A mudança não é simbólica. Ela decorre da nova lei de cotas, sancionada em 2024 pelo presidente Luiz Inácio Lula da Silva, e altera de forma concreta o desenho de uma das carreiras mais fechadas e elitizadas do Estado brasileiro.

Do total de vagas, 39 serão disputadas em ampla concorrência, enquanto 21 ficam reservadas. São 15 para pessoas negras, três para pessoas com deficiência, duas para candidatos indígenas e uma para pessoa quilombola. Até aqui, indígenas e quilombolas simplesmente não existiam no horizonte formal do concurso.

As inscrições começam em 4 de fevereiro e seguem até 25 de fevereiro, exclusivamente pelo site do Cebraspe, banca organizadora do certame. A taxa é de R$ 229, com possibilidade de isenção para candidatos inscritos no CadÚnico.

O edital incorpora definições alinhadas a tratados internacionais e à legislação brasileira. No caso de candidatos indígenas, vale a autodeclaração associada ao reconhecimento comunitário, independentemente de residência em território indígena. Para candidatos quilombolas, o critério considera autoatribuição, vínculo histórico e territorial, conforme o Decreto nº 4.887/2003.

Para evitar fraudes e dar segurança jurídica ao processo, o concurso prevê verificação documental complementar, conduzida por comissões formadas majoritariamente por integrantes das próprias comunidades tradicionais, com notório saber na área.

A ministra dos Povos Indígenas, Sonia Guajajara, classificou a iniciativa como um divisor de águas. Para ela, a presença indígena na diplomacia significa mais do que inclusão numérica. Representa acesso a espaços reais de decisão e a possibilidade de inserir outras visões de mundo na política externa brasileira.

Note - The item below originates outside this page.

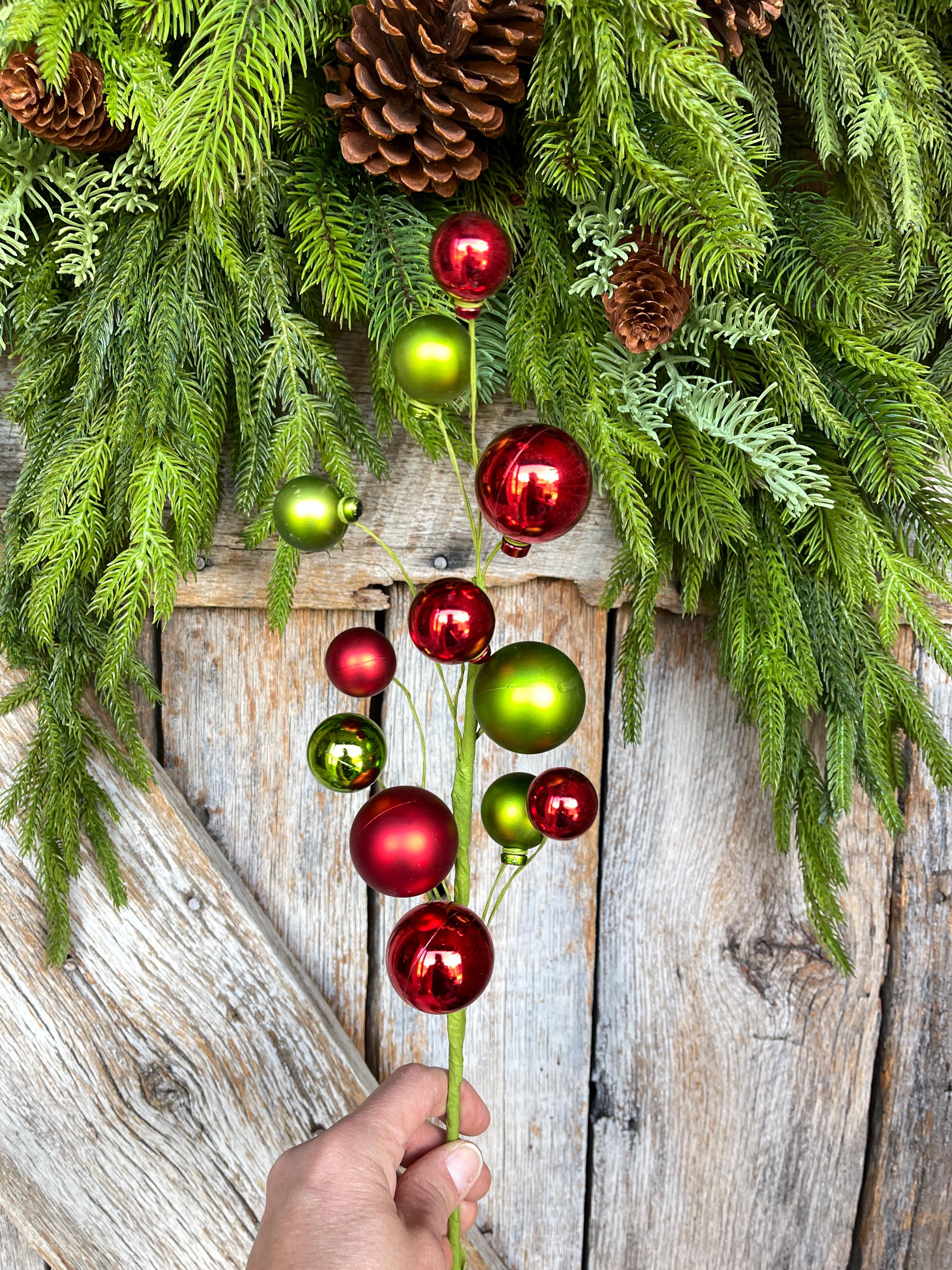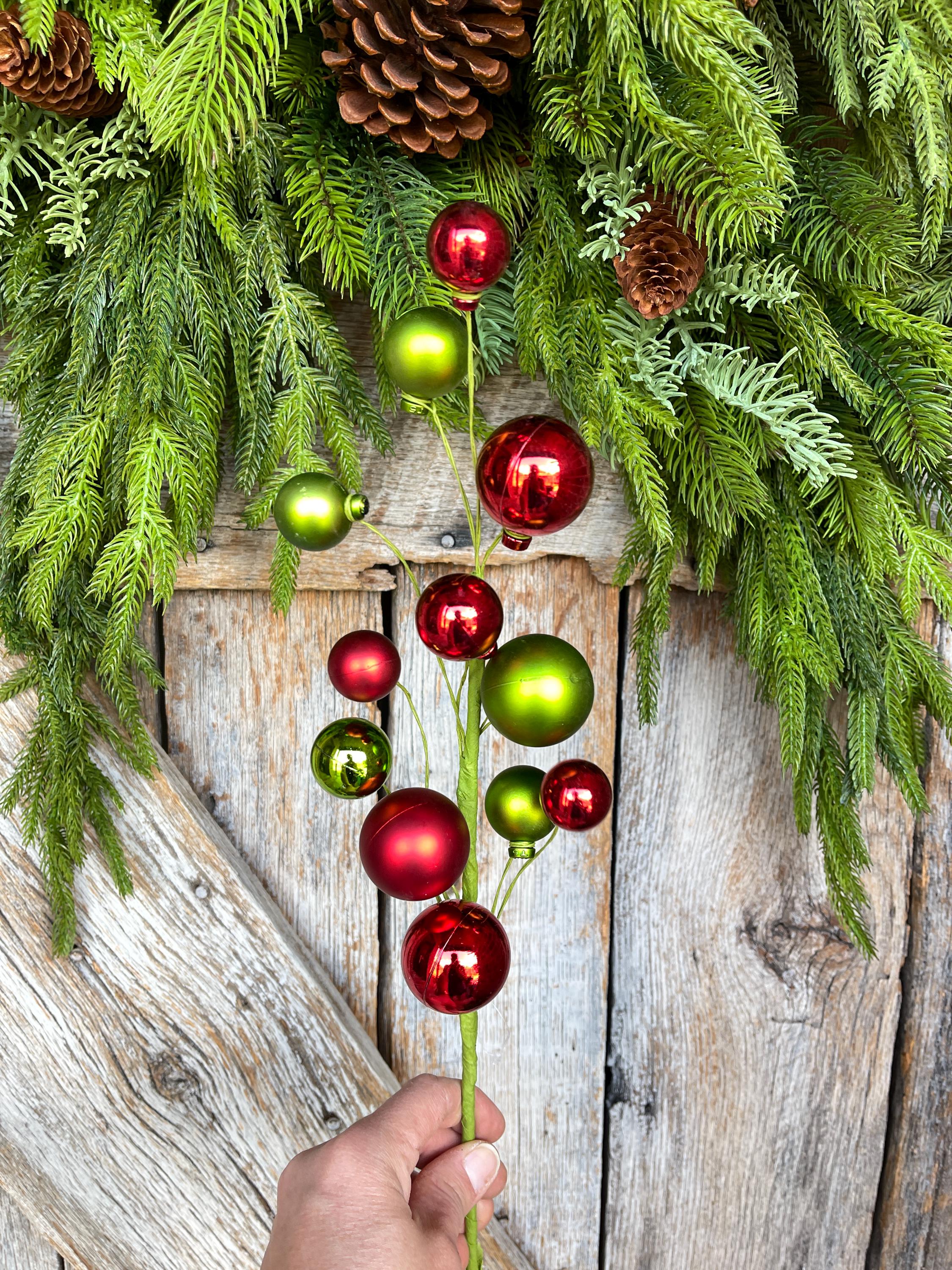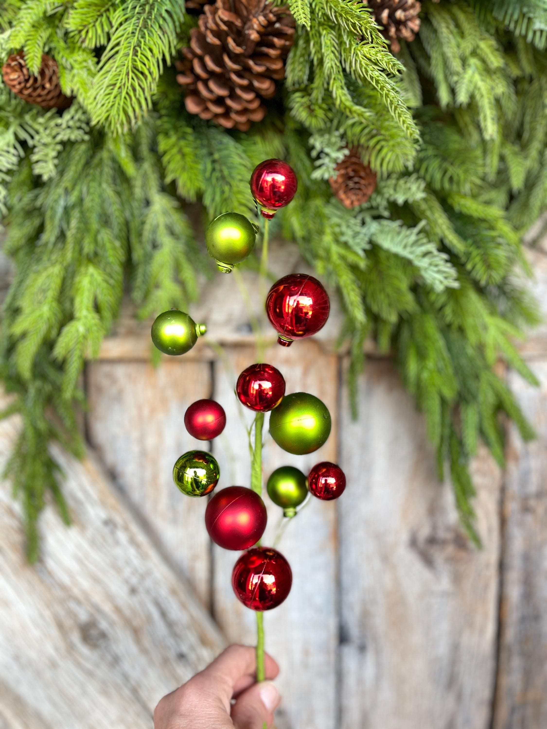 16" Ornament Ball Pick, Red Green Ball Pick, Ornament Pick, Christmas Ornaments

A abertura do Itamaraty a indígenas e quilombolas ocorre num momento em que o Brasil tenta reposicionar sua imagem internacional, especialmente em temas como direitos humanos, meio ambiente, povos tradicionais e justiça climática. Não por acaso, o concurso surge como uma peça estratégica de uma política externa que busca coerência entre discurso e prática.